October 10, 2013

Mortgage insurance (different from home insurance) is a poor option that should be avoided. Why? Other options?

2 thoughts on “October 10, 2013”

  1. Alex Christianson says:

    They are costly, might not be tax deductible, if you die your next of kin gets nothing, and it is insurance that is difficult to cancel. There is a “piggyback alternative”. Piggyback loans feature the ability to avoid private mortgage insurance (PMI) when the down payment or equity in your home is less than 20% of the value. By combining a first mortgage and a piggyback second mortgage, you may reduce your monthly payments below a traditional mortgage loan with PMI.

  2. Mike Finley says:

    You make many fine points, Alex. Let’s recap.

    Mortgage insurance pays off your mortgage when you die. Sounds good, right? It’s not. It is expensive and provides little in the way of options if you pass. It also shrinks by each passing year as the equity in your home builds. DO NOT BUY THIS EXPENSIVE AND UNNEEDED POLICY.

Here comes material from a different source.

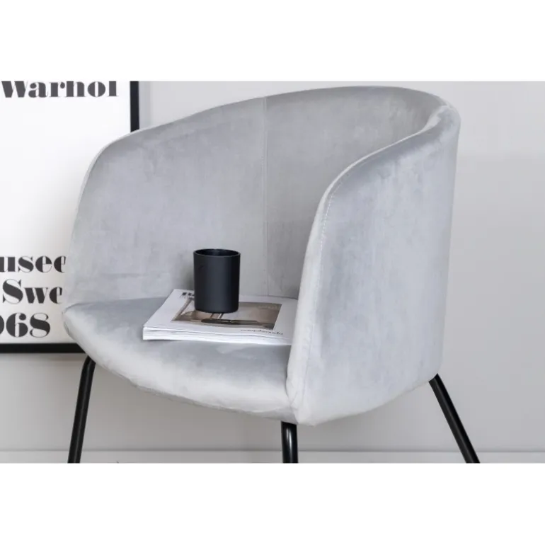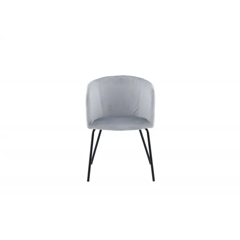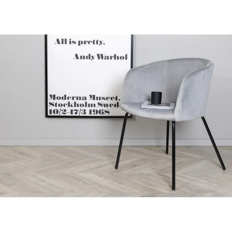 En tidløs favorit i moderne design – Berit imponerer med sit gennemtænkte design og behagelige grå farve! Denne spisebordsstol har et fuldt polstret design med en blidt afrundet ryg og sæde i velourstof og polyester lærred, samt slanke stoleben i sort jern – garanteret at være både stilfuld og komfortabel. Skab et indbydende og hyggeligt look og nyd dejlige øjeblikke omkring spisebordet sammen! Nogle samling kræves. Plejeinstruktioner: Velour har tendens til at udvikle aftryk, når bunken ligger ned. Aftrykkene kan give stoffet et slidt udseende, hvilket er helt normalt for denne type materiale. Afhængigt af hvordan lyset falder, kan stoffet skifte i flere forskellige nuancer.

    If you are concerned about the debt on your home if you pass, get an inexpensive term life policy at a clearinghouse online. Accuquote.com and Term4sale.com are two. The policy pays the people you leave behind, not the mortgage company. This gives them the option of paying off the house, paying part of it off, or not paying it off at all while managing that money differently as your love ones plan your life after you have passed. A term policy provides that kind of flexibility. A mortgage insurance policy does not. Knowledge is POWER!!!!!!!